Dataset section:
========================================

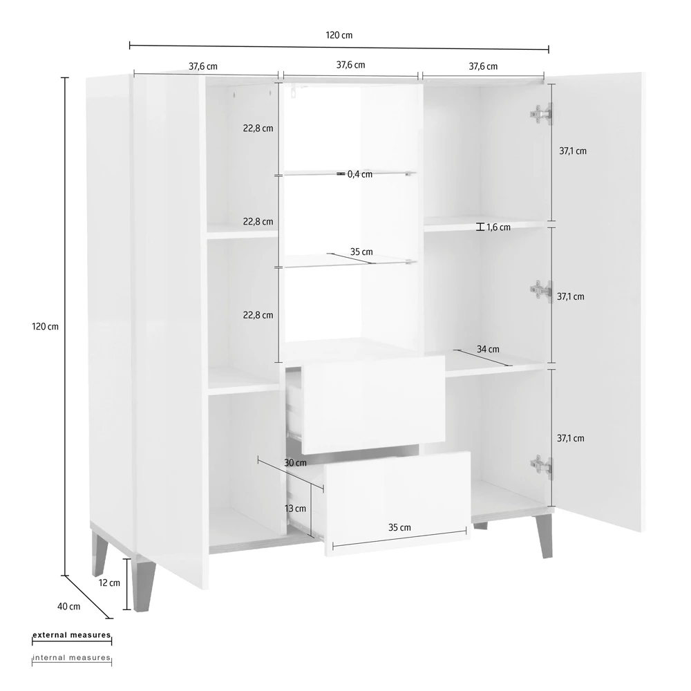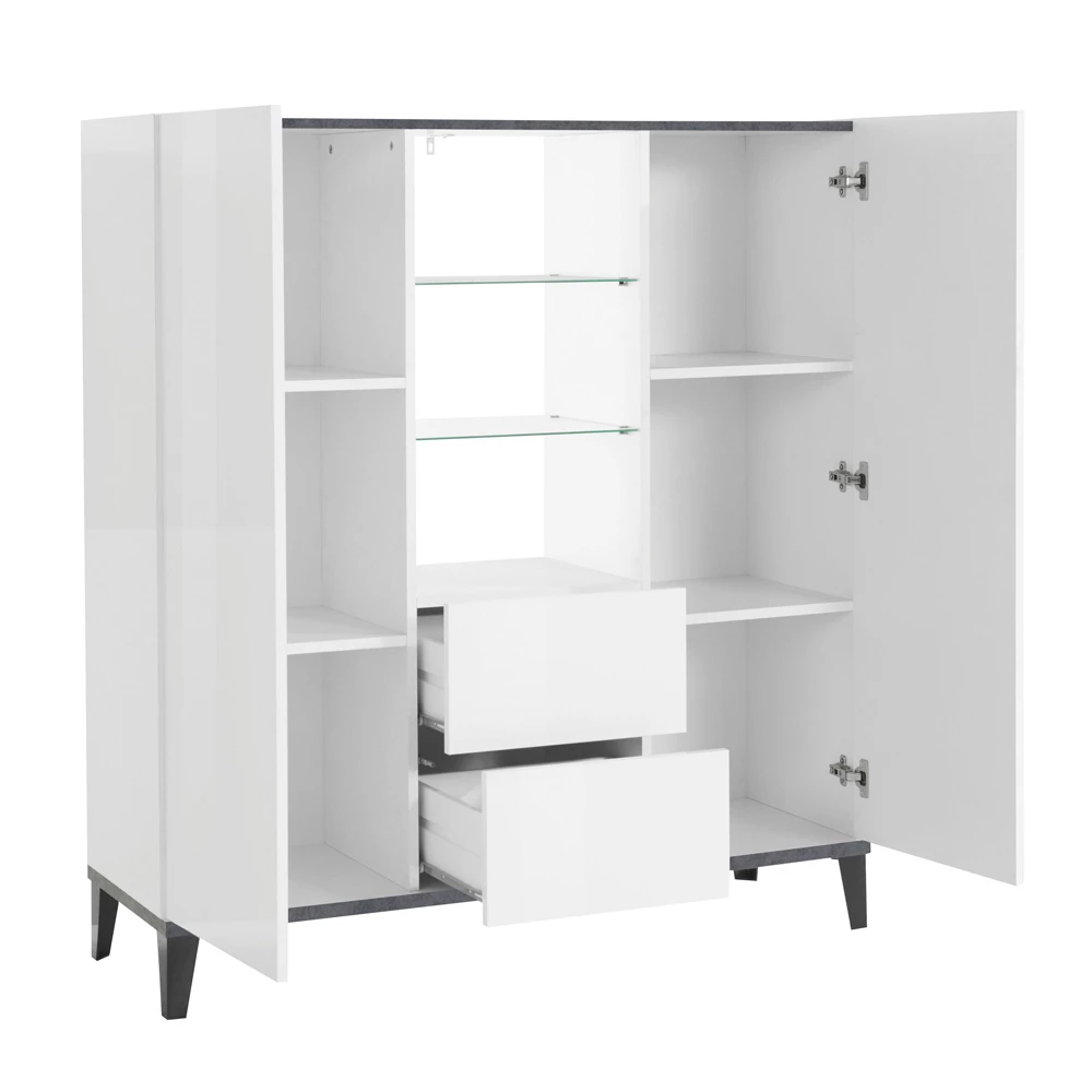 Modern dressoir gemaakt van melaminehout , compleet met scharnierende deuren , 2 centrale glazen planken, 2 schuifladen aan de onderkant en 7 praktische compartimenten die het product ruim en functioneel maken. Het is een meubel met een minimaal ontwerp dat een elegante esthetiek combineert met een brede bruikbaarheid .
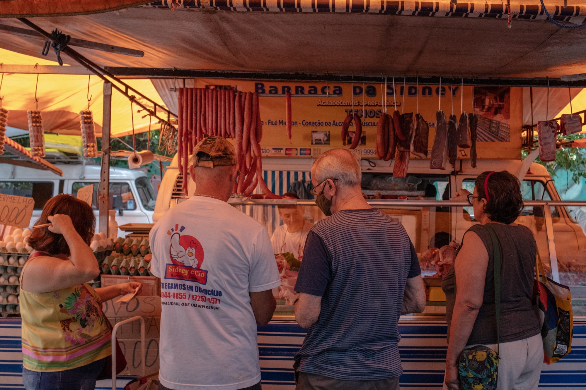 购物者在巴西里约热内卢的户外市场浏览肉类。
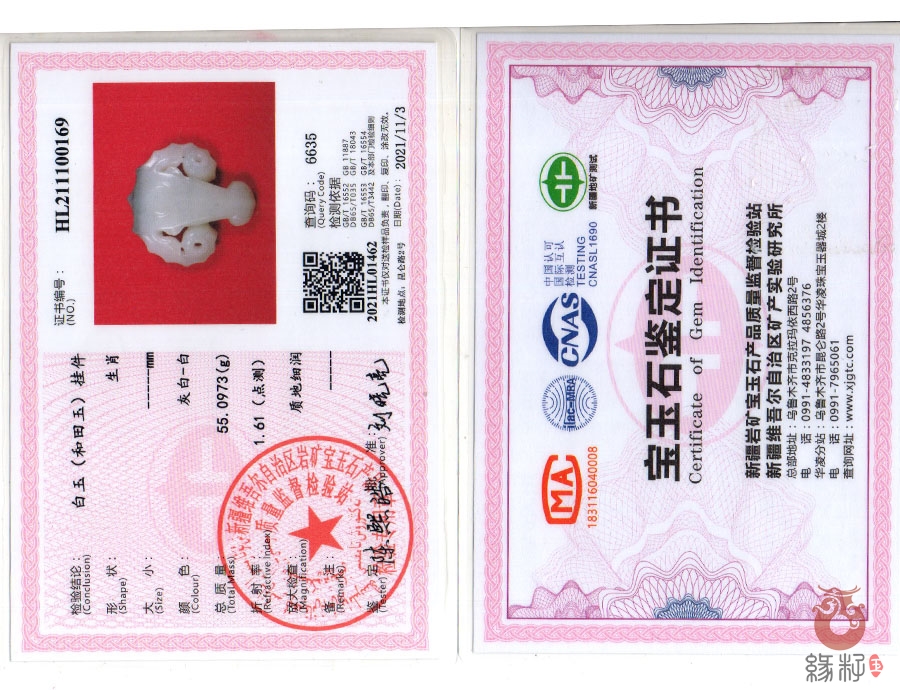 (附:新疆岩矿宝玉石产品质量监督检验站;国家和田玉产品质量监督检验中心样例)
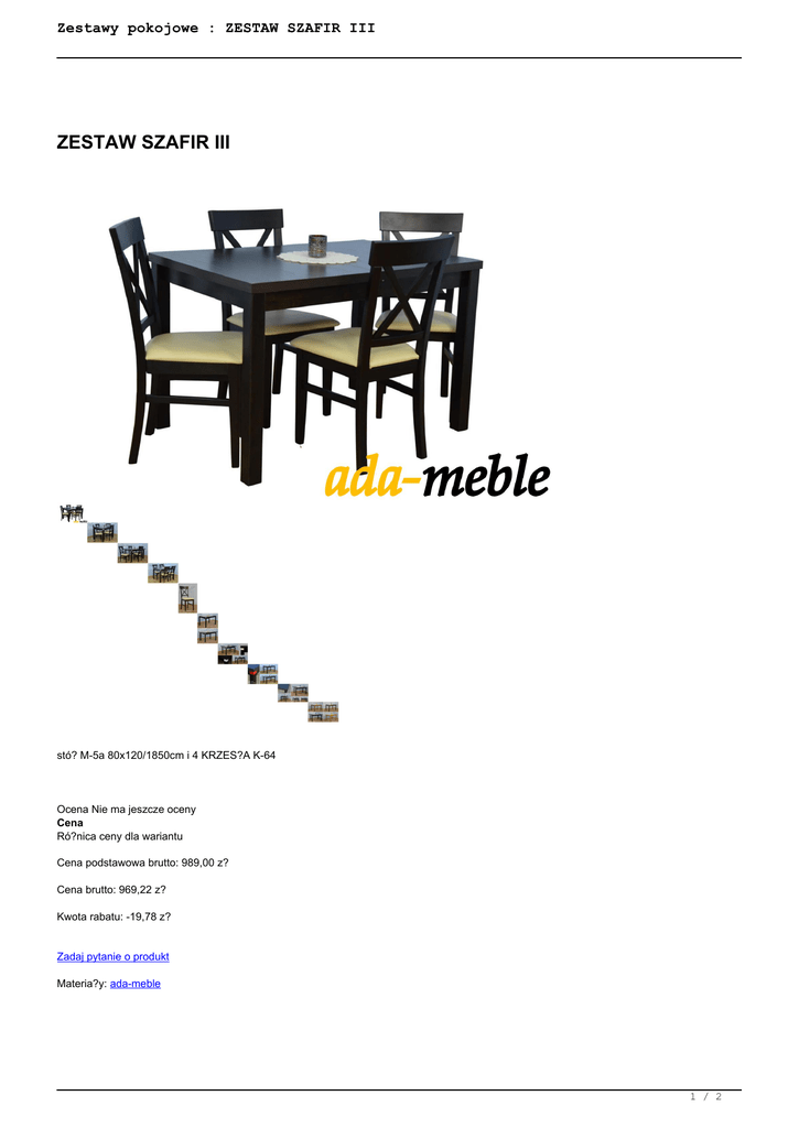 Zestawy pokojowe : ZESTAW SZAFIR III ZESTAW SZAFIR III stó? M-5a 80x120/1850cm i 4 KRZES?A K-64 Ocena Nie ma jeszcze oceny Cena Ró?nica ceny dla wariantu Cena podstawowa brutto: 989,00 z? Cena brutto: 969,22 z? Kwota rabatu: -19,78 z? Zadaj pytanie o produkt Materia?y: ada-meble 1 / 2 Zestawy pokojowe : ZESTAW SZAFIR III Szczegó?y produktu Stó? M-5a 80x120/150cm wykonany z drewna bukowego, blat sto?u z p?yty typu laminat. Blat LAMINAT - rozk?adany na ?o?yskowych prowadnicach. Podstawa wykonana z drewna bukowego. NOWOCZESNE APLIKACJE W KOLORZE SREBRNYM mo?liwe tak?e w kolorze czerwonym oraz bia?ym, mo?liwo?? zakupu sto?u bez aplikacji. BLAT O PODWY?SZONEJ ODPORNO?CI NA ZARYSOWANIA I DZIA?ANIE ALKOHOLU Wymiary sto?u: d?ugo?? sto?u 120cm /po roz?o?eniu 150cm x 70cm/; 1 wk?ad 30cm; szeroko?? blatu 80 / blat LAMINAT na ?o?yskowych prowadnicach; wysoko?? sto?u 76 cm; mo?liwo?? roz?o?enia sto?u: 1,20m; 1,50m; __________________________________________________ Krzes?o K-64 wykonane z drewna bukowego wysokogatunkowej bejcy i lakieru oraz zaawansowanej technologicznie ekoskóry i materia?ow. Wymiary krzes?a: wysoko?? krzes?a 93 cm; szeroko?? siedziska krzes?a 44 cm; wysoko?? siedziska krzes?a 46 cm. Recenzje Nikt jeszcze nie ocenia? tego produktu. 2 / 2 Powered by TCPDF (www.tcpdf.org)

========================================

Problem to solve: Set out the material once more, exact in every line, with no images.

Written answer:
 Modern dressoir gemaakt van melaminehout , compleet met scharnierende deuren , 2 centrale glazen planken, 2 schuifladen aan de onderkant en 7 praktische compartimenten die het product ruim en functioneel maken. Het is een meubel met een minimaal ontwerp dat een elegante esthetiek combineert met een brede bruikbaarheid .
 购物者在巴西里约热内卢的户外市场浏览肉类。
 (附:新疆岩矿宝玉石产品质量监督检验站;国家和田玉产品质量监督检验中心样例)
 Zestawy pokojowe : ZESTAW SZAFIR III ZESTAW SZAFIR III stó? M-5a 80x120/1850cm i 4 KRZES?A K-64 Ocena Nie ma jeszcze oceny Cena Ró?nica ceny dla wariantu Cena podstawowa brutto: 989,00 z? Cena brutto: 969,22 z? Kwota rabatu: -19,78 z? Zadaj pytanie o produkt Materia?y: ada-meble 1 / 2 Zestawy pokojowe : ZESTAW SZAFIR III Szczegó?y produktu Stó? M-5a 80x120/150cm wykonany z drewna bukowego, blat sto?u z p?yty typu laminat. Blat LAMINAT - rozk?adany na ?o?yskowych prowadnicach. Podstawa wykonana z drewna bukowego. NOWOCZESNE APLIKACJE W KOLORZE SREBRNYM mo?liwe tak?e w kolorze czerwonym oraz bia?ym, mo?liwo?? zakupu sto?u bez aplikacji. BLAT O PODWY?SZONEJ ODPORNO?CI NA ZARYSOWANIA I DZIA?ANIE ALKOHOLU Wymiary sto?u: d?ugo?? sto?u 120cm /po roz?o?eniu 150cm x 70cm/; 1 wk?ad 30cm; szeroko?? blatu 80 / blat LAMINAT na ?o?yskowych prowadnicach; wysoko?? sto?u 76 cm; mo?liwo?? roz?o?enia sto?u: 1,20m; 1,50m; __________________________________________________ Krzes?o K-64 wykonane z drewna bukowego wysokogatunkowej bejcy i lakieru oraz zaawansowanej technologicznie ekoskóry i materia?ow. Wymiary krzes?a: wysoko?? krzes?a 93 cm; szeroko?? siedziska krzes?a 44 cm; wysoko?? siedziska krzes?a 46 cm. Recenzje Nikt jeszcze nie ocenia? tego produktu. 2 / 2 Powered by TCPDF (www.tcpdf.org)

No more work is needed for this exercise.